7.1 Frequent Mistakes

Pitfall	Symptom	Solution
Wrong interface	Empty output	Verify interface names
Missing privileges	Permission errors	Use sudo or capabilities
Misparsed output	Wrong stats	Prefer JSON parsing

7.2 Debugging Strategies

Re-run each tool independently to compare raw output.
Add a verbose mode that dumps raw data sources.

7.3 Performance Traps

Avoid tight loops without sleep intervals.
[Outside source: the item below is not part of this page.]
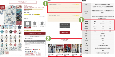 ①商品ごとに実際のお客様の口コミや着用感を確認できる

8. Extensions & Challenges

8.1 Beginner Extensions

Add colored status markers.
Export report to a file.

8.2 Intermediate Extensions

Add JSON output mode.
Add baseline comparison.

8.3 Advanced Extensions

Add multi-host aggregation.
Add alerting thresholds.

9. Real-World Connections

9.1 Industry Applications

SRE runbooks and on-call diagnostics.
Network operations monitoring.

tcpdump / iproute2 / nftables
mtr / iperf3

9.3 Interview Relevance

Demonstrates evidence-based debugging and tool mastery.

10. Resources

10.1 Essential Reading

Primary book listed in the main guide.
Relevant RFCs and tool manuals.

10.2 Video Resources

Conference talks on Linux networking and troubleshooting.